Problem
Only a slice of the listing below is wanted. Retype the lines from the one containing "Le Douro, fleuve" through the one containing "Slip into an", exactly, both ends included.

*** Opening Data to use ***

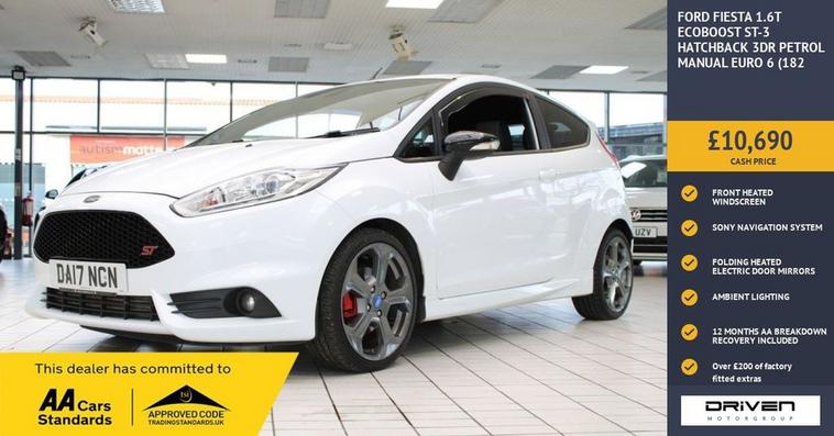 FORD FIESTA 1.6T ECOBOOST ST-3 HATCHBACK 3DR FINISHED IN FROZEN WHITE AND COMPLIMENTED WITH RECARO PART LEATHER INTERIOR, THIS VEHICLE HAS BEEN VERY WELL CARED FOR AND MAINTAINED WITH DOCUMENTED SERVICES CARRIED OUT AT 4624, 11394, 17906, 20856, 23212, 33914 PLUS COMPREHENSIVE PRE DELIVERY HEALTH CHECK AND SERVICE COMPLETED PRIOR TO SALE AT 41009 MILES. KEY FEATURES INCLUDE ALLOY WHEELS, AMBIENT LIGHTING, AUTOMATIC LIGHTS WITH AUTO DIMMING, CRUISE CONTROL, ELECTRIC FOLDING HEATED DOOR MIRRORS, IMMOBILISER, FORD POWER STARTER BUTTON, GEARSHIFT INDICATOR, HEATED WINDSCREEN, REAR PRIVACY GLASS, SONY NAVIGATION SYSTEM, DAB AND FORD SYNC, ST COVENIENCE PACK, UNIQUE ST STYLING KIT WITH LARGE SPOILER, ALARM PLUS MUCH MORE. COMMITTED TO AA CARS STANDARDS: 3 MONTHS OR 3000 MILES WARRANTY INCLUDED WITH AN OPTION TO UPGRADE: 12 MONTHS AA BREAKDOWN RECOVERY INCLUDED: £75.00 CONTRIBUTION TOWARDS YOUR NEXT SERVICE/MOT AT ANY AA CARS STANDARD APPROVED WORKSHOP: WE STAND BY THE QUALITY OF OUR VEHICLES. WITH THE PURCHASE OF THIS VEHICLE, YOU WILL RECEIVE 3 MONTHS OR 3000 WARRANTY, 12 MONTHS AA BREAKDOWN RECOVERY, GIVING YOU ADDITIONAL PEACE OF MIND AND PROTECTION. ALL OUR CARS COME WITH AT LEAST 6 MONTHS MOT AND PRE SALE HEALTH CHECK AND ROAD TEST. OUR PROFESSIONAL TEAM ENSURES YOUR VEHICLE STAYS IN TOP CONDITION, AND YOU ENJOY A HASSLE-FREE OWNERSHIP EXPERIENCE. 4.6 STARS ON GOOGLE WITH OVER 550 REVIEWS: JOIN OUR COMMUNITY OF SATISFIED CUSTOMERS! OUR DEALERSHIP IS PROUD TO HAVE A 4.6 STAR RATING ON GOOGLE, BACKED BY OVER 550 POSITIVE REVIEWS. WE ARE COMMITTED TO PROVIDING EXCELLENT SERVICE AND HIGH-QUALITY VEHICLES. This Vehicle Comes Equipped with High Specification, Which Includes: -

*** Closing Data to use ***
*** Opening Data to use ***

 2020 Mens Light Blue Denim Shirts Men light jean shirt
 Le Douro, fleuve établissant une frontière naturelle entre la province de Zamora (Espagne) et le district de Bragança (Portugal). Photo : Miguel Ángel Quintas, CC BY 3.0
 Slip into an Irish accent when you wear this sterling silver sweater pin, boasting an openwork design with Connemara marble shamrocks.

*** Closing Data to use ***

The completed task
 Le Douro, fleuve établissant une frontière naturelle entre la province de Zamora (Espagne) et le district de Bragança (Portugal). Photo : Miguel Ángel Quintas, CC BY 3.0
 Slip into an Irish accent when you wear this sterling silver sweater pin, boasting an openwork design with Connemara marble shamrocks.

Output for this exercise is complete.